Browne also expressed confidence that opposition legislators would support the proposal to extend the tax, as well as the potential adjustment to make it indefinite. This, he said, because of its importance to the concept of nation-building, should take precedence over any political affiliation.

“If there’s another [revenue] source that we have to pursue in the future, we can always make an amendment, but … I need not emphasise how important it is for us to continue to invest in our people.

“I think this is easily one of the most significant contributions that any government would have made toward the development of our people – to ensure accessibility and affordability of a university education – and whatever we have to do to make sure that we can sustain it is absolutely important,” he added.

In addition to that development this week, the post-Cabinet report revealed that “a team from Saudi Arabia will visit Antigua from June 21 – 25 2022 to examine the UWI Five Islands expansion as planned and will advance discussions with the government and UWI for a US$75,000 facility”.

That disclosure will certainly have raised some eyebrows as far as ethics is concerned, considering Saudi Arabia’s questionable record on human rights, but the government insists that it is a matter of “separating church and state”.
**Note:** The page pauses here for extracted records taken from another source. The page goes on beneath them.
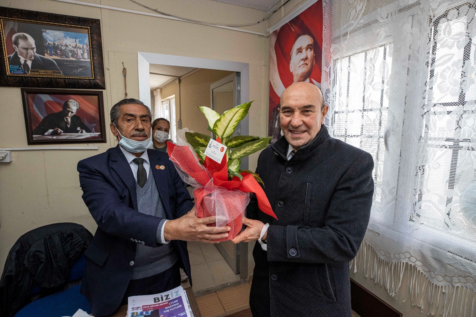 İzmir Büyükşehir Belediye Başkanı Tunç Soyer kentin sorunlarının yerinde tespit ederek çözüm üretilmesini sağlamak amacıyla muhtar ziyaretlerine devam ediyor. Konak’a bağlı Selçuk Mahalle Muhtarı Kasım Yavuz’u ziyaret eden Başkan Soyer, başta Cicipark’takiler olmak üzere mahallede İzmir Büyükşehir Belediyesi tarafından yapılan uygulamaları yerinde inceledi. Kıbrıs Gazisi unvanını taşıyan ve 20 yıldır mahalle muhtarlığı yapan Kasım Yavuz, Başkan Soyer’e mahalleye verdiği destekten dolayı teşekkür etti.
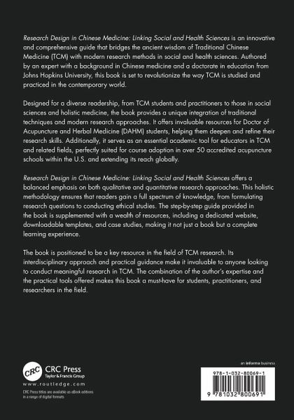 Research Design in Chinese Medicine: Linking Social and Health Sciences is an innovative and comprehensive guide that bridges the ancient wisdom of Traditional Chinese Medicine (TCM) with modern research methods in social and health sciences. Authored by an expert with a background in Chinese medicine and a doctorate in education from Johns Hopkins University, this book is set to revolutionize the way TCM is studied and practiced in the contemporary world.
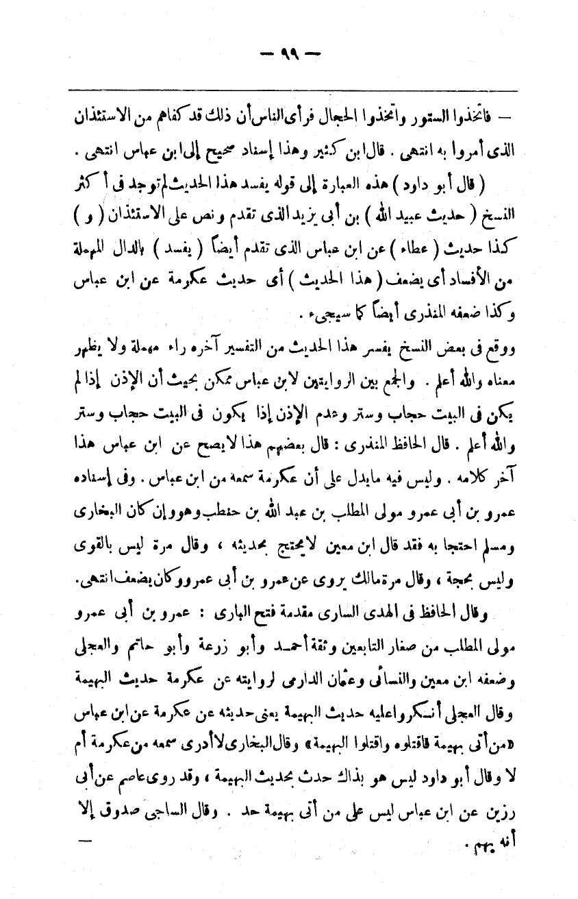 وَوَقَعَ فِي بَعْض النُّسَخ يُفَسِّر هَذَا الْحَدِيث مِنْ التَّفْسِير آخِرَهُ رَاءٌ مُهْمَلَةٌ وَلَا يَظْهَرُ مَعْنَاهُ وَاَللَّهُ أَعْلَمُ . وَالْجَمْع بَيْن الرِّوَايَتَيْنِ لِابْنِ عَبَّاس مُمْكِن بِحَيْثُ إِنَّ الْإِذْنَ إِذَا لَمْ يَكُنْ فِي الْبَيْت حِجَاب وَسِتْر وَعَدَم الْإِذْن إِذَا يَكُون فِي الْبَيْت حِجَابٌ وَسِتْرٌ وَاَللَّهُ أَعْلَمُ . قَالَ الْحَافِظ الْمُنْذِرِيُّ : قَالَ بَعْضهمْ هَذَا لَا يَصِحّ عَنْ اِبْن عَبَّاس هَذَا آخِر كَلَامه . وَلَيْسَ فِيهِ مَا يَدُلُّ عَلَى أَنَّ عِكْرِمَة سَمِعَهُ مِنْ اِبْن عَبَّاس . وَفِي إِسْنَادِهِ عَمْرُو بْنُ أَبِي عَمْرٍو مَوْلَى الْمُطَّلِب بْن عَبْد اللَّه اِبْن حَنْطَبَ وَهُوَ وَإِنْ كَانَ الْبُخَارِيُّ وَمُسْلِمٌ اِحْتَجَّا بِهِ فَقَدْ قَالَ اِبْن مَعِينٍ لَا يُحْتَجُّ بِحَدِيثِهِ ، وَقَالَ مَرَّةً لَيْسَ بِالْقَوِيِّ وَلَيْسَ بِحُجَّةٍ ، وَقَالَ مَرَّةً مَالِك يَرْوِي عَنْ عَمْرو بْن أَبِي عَمْرو وَكَانَ يُضَعَّف رَضِيَ اللَّه عَنْهُ اِنْتَهَى .
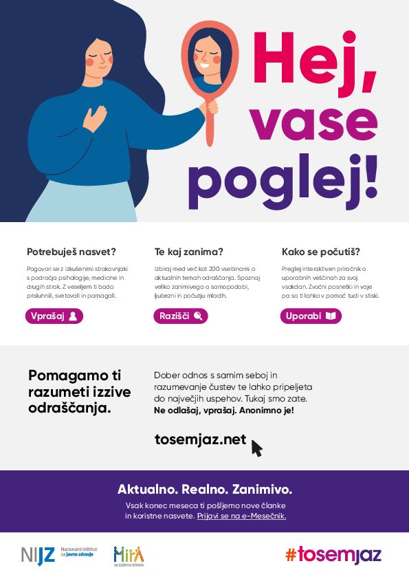 Glede na porast uporabe tovrstnih izdelkov med osnovnošolsko populacijo je v četrtek, 10. 11. 2022, ob 18. uri organizirano spletno predavanje, ki ga bo izvedla gospa Helena Koprivnikar, dr. med., spec. Po predavanju bo predavateljica odgovarjala na vaša vprašanja. Vljudno vabljeni.
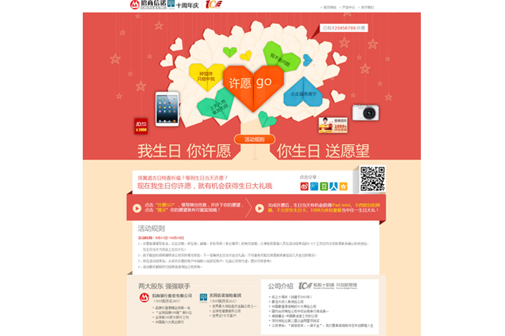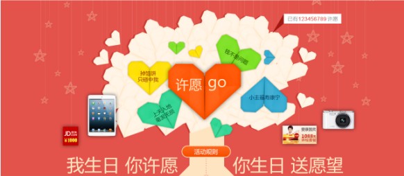 3、许愿树部分,五彩缤纷的心形点缀地恰到好处,整体色彩温馨和谐,丰富多彩的奖品配上潮流俏皮的文案,极富感染力,利于调动访客活动参与热情。微博、人人网、豆瓣等社区渠道的互通,满足了用户分享、传播的需求,更促进了活动信息的二次传播。

“One has to be careful when one charters one’s own path and from [both] a foreign affairs standpoint and our own diplomatic approach, we maintain cordial and friendly relations with many different countries of differing political systems.

“It is not for us to judge states on the basis of our own value system,” Cabinet spokesperson, Information Minister Melford Nicholas, told media yesterday.

“We certainly have to look at what works best for us and, in the context of finding capital to fulfil our own development objectives, the fact that the Saudi Arabian government is prepared to assist us with an important venture such as the development of our education sector – that will further lead to economic and social development in our country – we see that as a separate and diverse issue,” he added.